The use of a non-adhesive plastic foil derived from irrigation bag (Bogota Bag) is quite satisfactory. These are sutured away from the skin margins, leaving the fascial margin untouched, for future repair. The advantage of Bogota bag is that it is cheap and transparent, so that abdominal contents can be viewed through the plastic. This is particularly useful in cases with ongoing ischemia and necrosis of bowel and haemorrhage.
An alternative method is the 'Vacuum-pack' technique. Here the 3 litre genitourinary irrigation bag is opened and placed into the abdomen to protect the gut contents, under the sheath. Two large calibre suction drains are placed over this, and a large adherent steridrape placed over the whole abdomen. The suction catheters are connected to high-displacement suction to provide control of fluid losses and create the 'vacuum-pack' effect. This minimizes the 'Wet bed 'problem.
An open abdominal wound is a great challenge to a surgeon in the postoperative management, due to (i) massive fluid loss, (ii) heat dissemination (iii) risk of infections.

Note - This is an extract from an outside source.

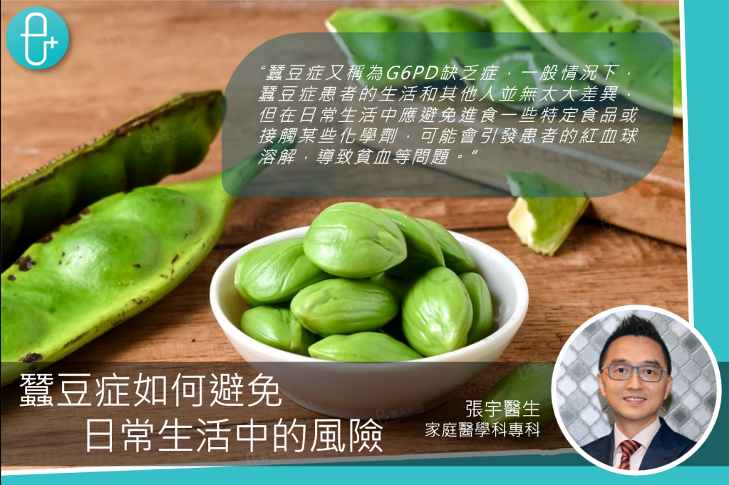 飲食方面,患者要留意避免進食蠶豆, 無論是新鮮或其相關的製品,當大量攝入後可能引發紅血球溶解, 進而出現黃疸等病徵。

Frequent assessment and care of the wound and replacement of the lost fluids and electrolytes are mandatory. Strict aseptic technique is required for wound care.
The abdominal compartment syndrome is a well-recognised disease entity related to acutely increased abdominal pressure. The mortality rate of ACS is very high. Recognizing patients at risk, monitoring the abdominal pressure frequently, and early initiation of treatment could reduce the mortality to a significant level.